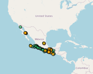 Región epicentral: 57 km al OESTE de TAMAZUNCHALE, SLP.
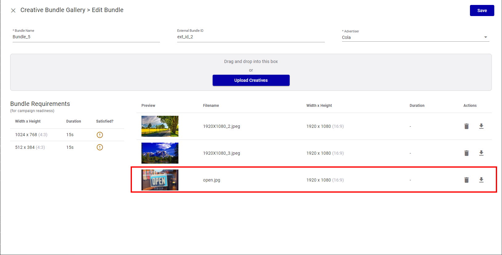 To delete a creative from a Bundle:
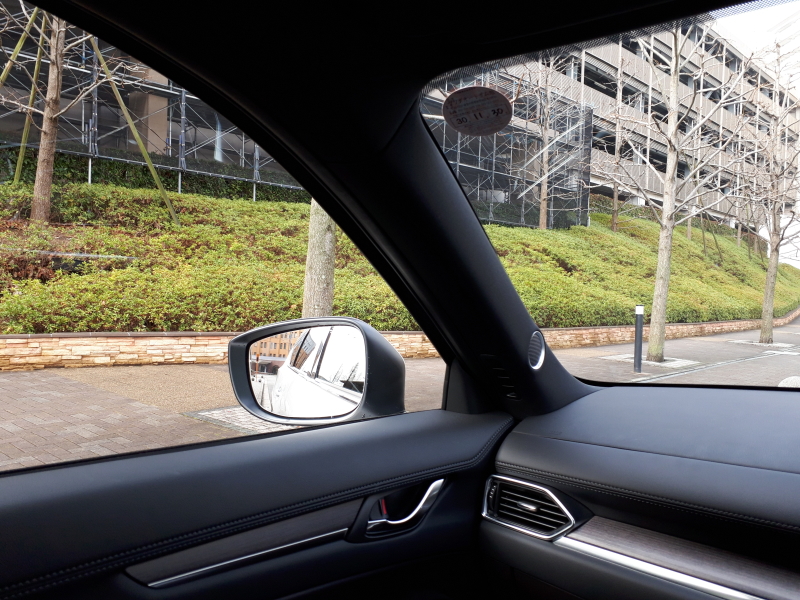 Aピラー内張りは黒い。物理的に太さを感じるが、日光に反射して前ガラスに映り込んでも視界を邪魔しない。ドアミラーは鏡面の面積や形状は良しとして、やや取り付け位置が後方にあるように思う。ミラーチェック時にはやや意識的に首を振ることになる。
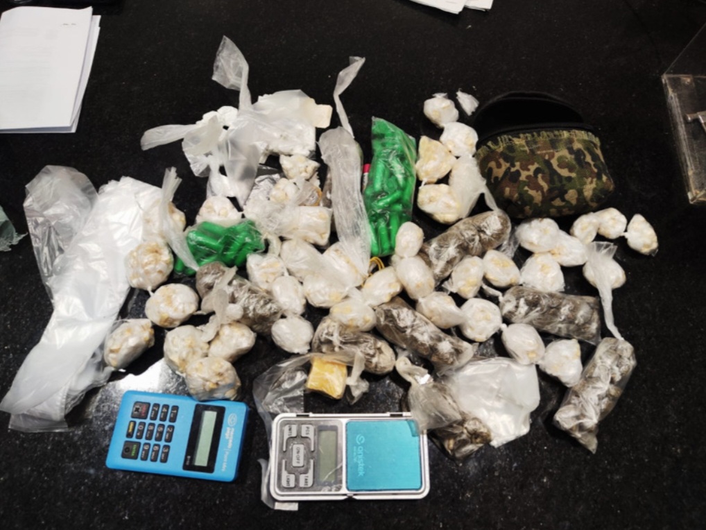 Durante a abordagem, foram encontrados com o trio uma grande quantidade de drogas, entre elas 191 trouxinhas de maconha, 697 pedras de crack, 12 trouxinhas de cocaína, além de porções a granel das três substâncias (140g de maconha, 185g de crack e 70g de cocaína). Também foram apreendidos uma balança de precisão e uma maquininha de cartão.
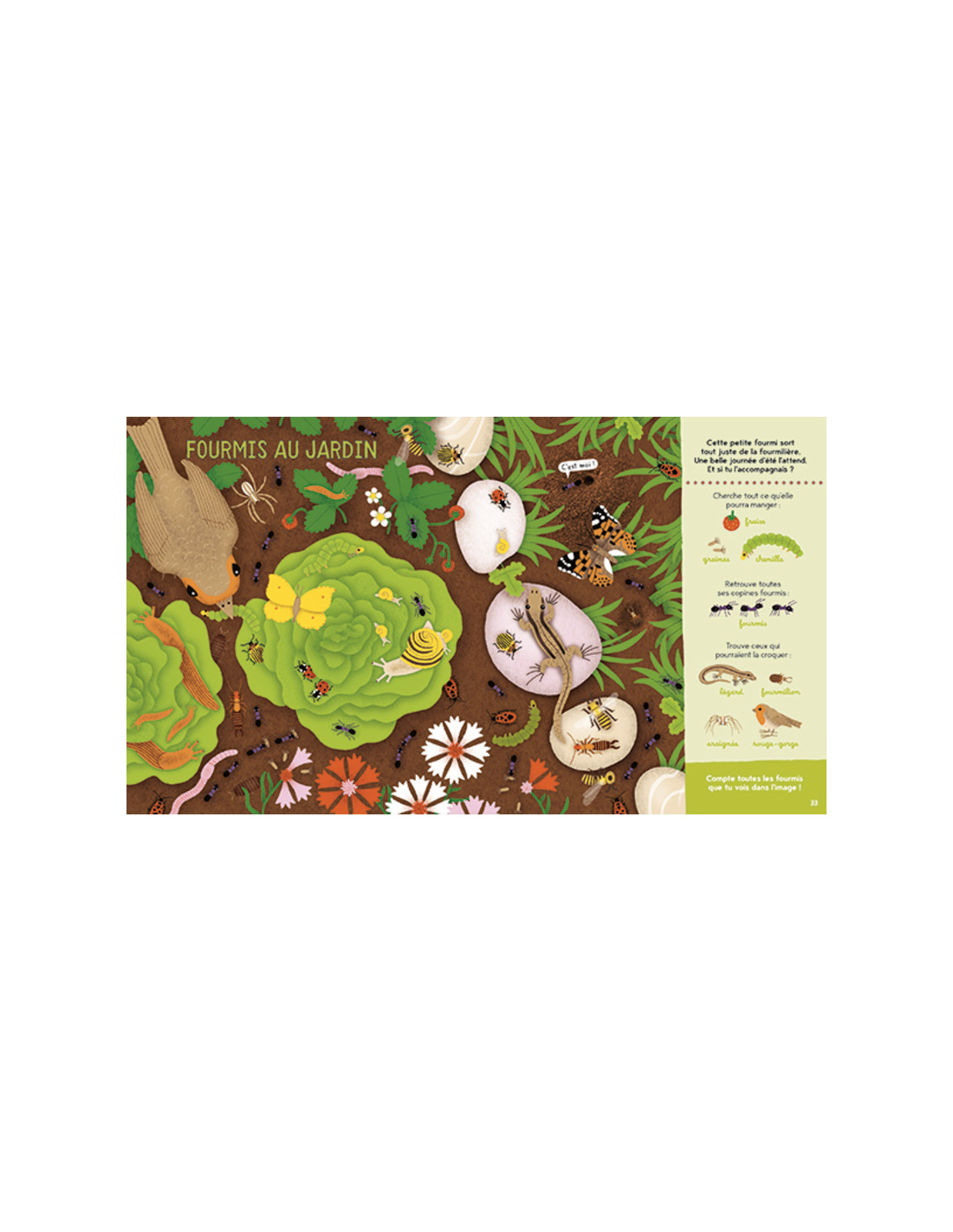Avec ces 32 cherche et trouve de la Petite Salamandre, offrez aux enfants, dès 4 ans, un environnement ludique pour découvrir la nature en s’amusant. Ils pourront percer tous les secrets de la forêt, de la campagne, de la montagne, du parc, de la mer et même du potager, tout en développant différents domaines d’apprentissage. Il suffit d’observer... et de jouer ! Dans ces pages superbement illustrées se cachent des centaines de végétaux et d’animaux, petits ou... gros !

→ Work required: This calls for each record above to be set down exactly, with the images skipped.

→ Task response:
 Región epicentral: 57 km al OESTE de TAMAZUNCHALE, SLP.
 To delete a creative from a Bundle:
 Aピラー内張りは黒い。物理的に太さを感じるが、日光に反射して前ガラスに映り込んでも視界を邪魔しない。ドアミラーは鏡面の面積や形状は良しとして、やや取り付け位置が後方にあるように思う。ミラーチェック時にはやや意識的に首を振ることになる。
 Durante a abordagem, foram encontrados com o trio uma grande quantidade de drogas, entre elas 191 trouxinhas de maconha, 697 pedras de crack, 12 trouxinhas de cocaína, além de porções a granel das três substâncias (140g de maconha, 185g de crack e 70g de cocaína). Também foram apreendidos uma balança de precisão e uma maquininha de cartão.
Avec ces 32 cherche et trouve de la Petite Salamandre, offrez aux enfants, dès 4 ans, un environnement ludique pour découvrir la nature en s’amusant. Ils pourront percer tous les secrets de la forêt, de la campagne, de la montagne, du parc, de la mer et même du potager, tout en développant différents domaines d’apprentissage. Il suffit d’observer... et de jouer ! Dans ces pages superbement illustrées se cachent des centaines de végétaux et d’animaux, petits ou... gros !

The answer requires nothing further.